Material provided:
##########

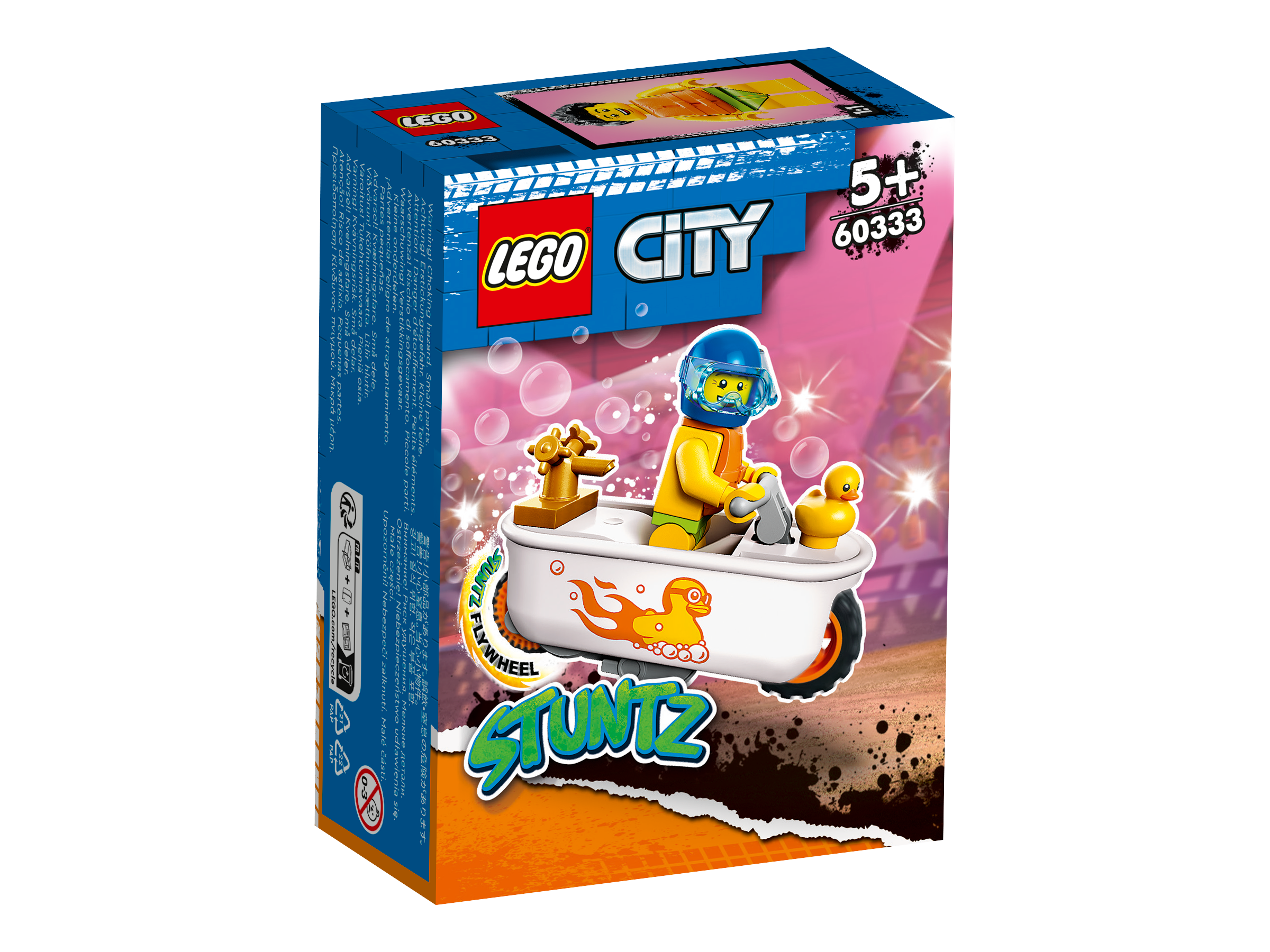 • Inhalt der Box: Dieses Spielset beinhaltet alles, was Kinder brauchen, um ein Stuntbike mit Schwungrad und eine LEGO® City Stuntz Minifigur, den Badewannenrennfahrer Sudsy Simon, mit Badeente, Schnorchel, Taucherbrille und Schwimmweste zu bauen
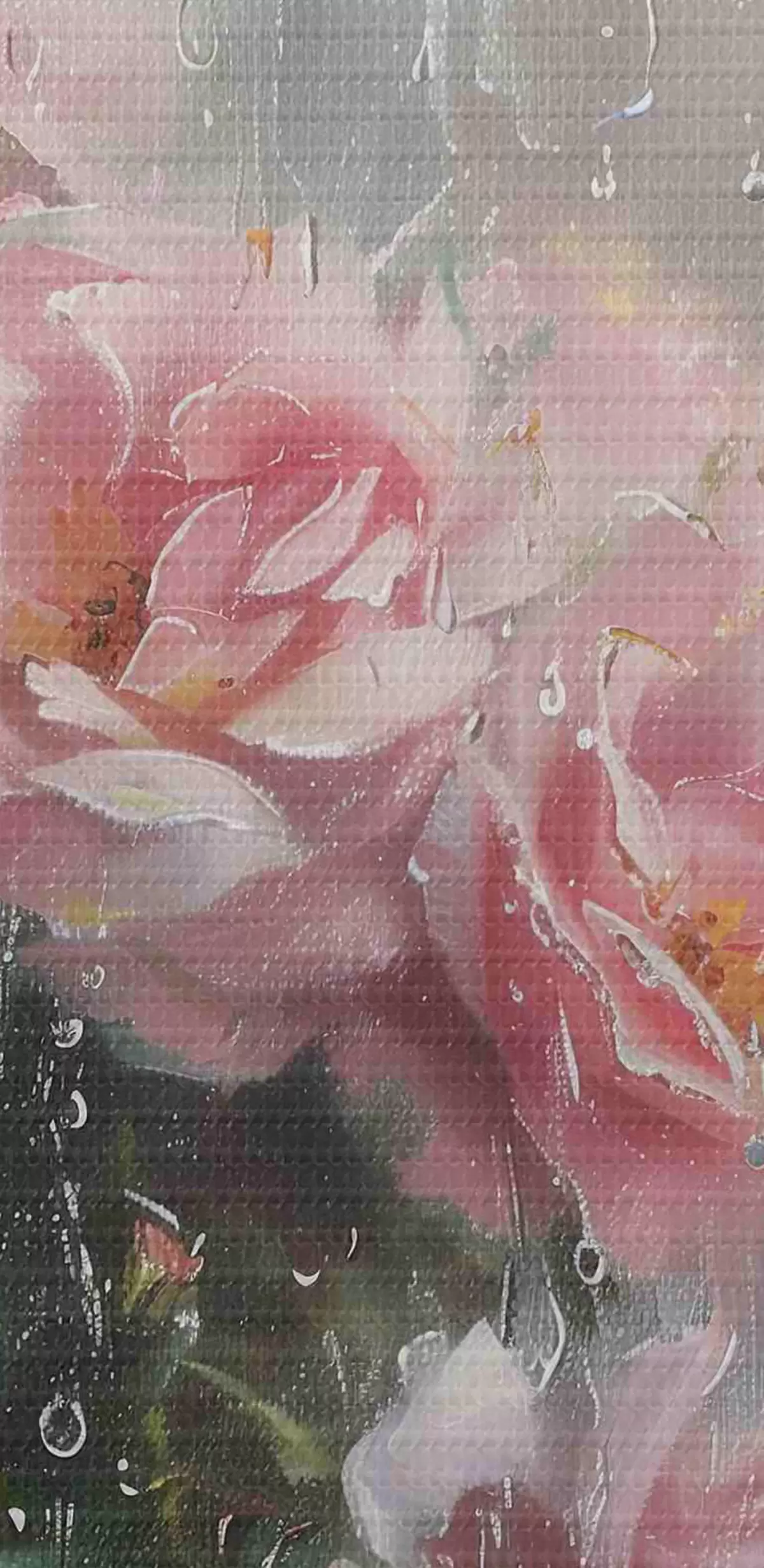 Tableaux rondes Un bouquet de roses roses à l'extérieur de la fenêtre par temps pluvieux r40656
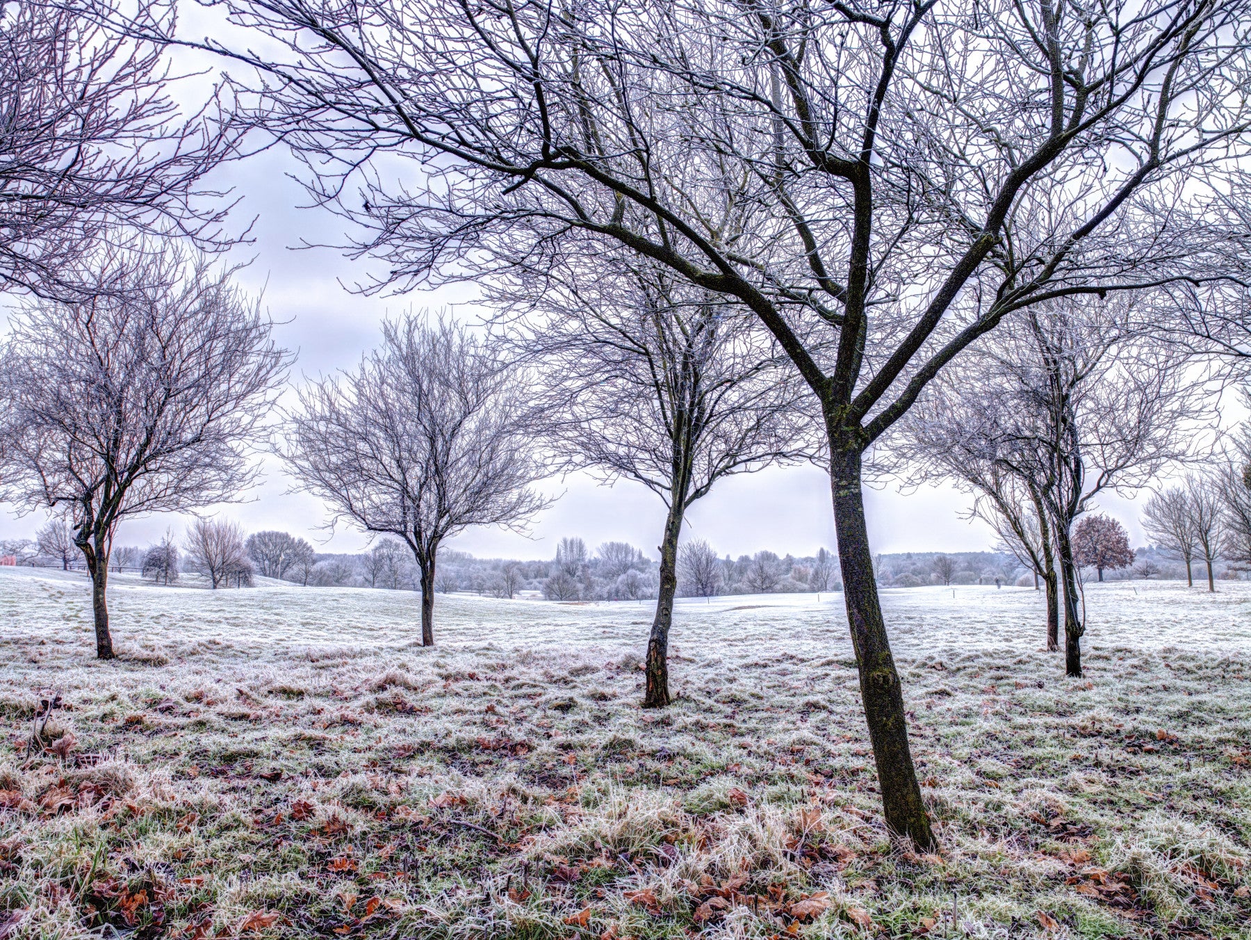 Trees in frosty field. Immerse yourself in the tranquil beauty of "Frosted Meadow Dream," a wallpaper that captures the ethereal essence of a winter's embrace. This stunning image showcases a serene meadow, lightly dusted with frost, where skeletal trees stand as silent sentinels against a pale sky. Each branch is delicately outlined with ice crystals, creating a mesmerizing display of natural artistry. The ground, a tapestry of frosted grass and fallen leaves, shimmers with a subtle iridescence, reflecting the soft, diffused light of the overcast day. Perfect for those seeking a touch of serene beauty and quiet contemplation, this wallpaper brings the serene chill of a winter landscape into your digital space. Let the delicate frostwork and muted tones transform your screen into a tranquil window, offering a peaceful escape from the hustle and bustle of daily life. Experience the quiet majesty of nature's artistry with "Frosted Meadow Dream."

##########

Copy the lines exactly. Start at the line with "Tableaux rondes Un bouquet", end at the last line above, include both, and omit all pictures.

 Tableaux rondes Un bouquet de roses roses à l'extérieur de la fenêtre par temps pluvieux r40656
 Trees in frosty field. Immerse yourself in the tranquil beauty of "Frosted Meadow Dream," a wallpaper that captures the ethereal essence of a winter's embrace. This stunning image showcases a serene meadow, lightly dusted with frost, where skeletal trees stand as silent sentinels against a pale sky. Each branch is delicately outlined with ice crystals, creating a mesmerizing display of natural artistry. The ground, a tapestry of frosted grass and fallen leaves, shimmers with a subtle iridescence, reflecting the soft, diffused light of the overcast day. Perfect for those seeking a touch of serene beauty and quiet contemplation, this wallpaper brings the serene chill of a winter landscape into your digital space. Let the delicate frostwork and muted tones transform your screen into a tranquil window, offering a peaceful escape from the hustle and bustle of daily life. Experience the quiet majesty of nature's artistry with "Frosted Meadow Dream."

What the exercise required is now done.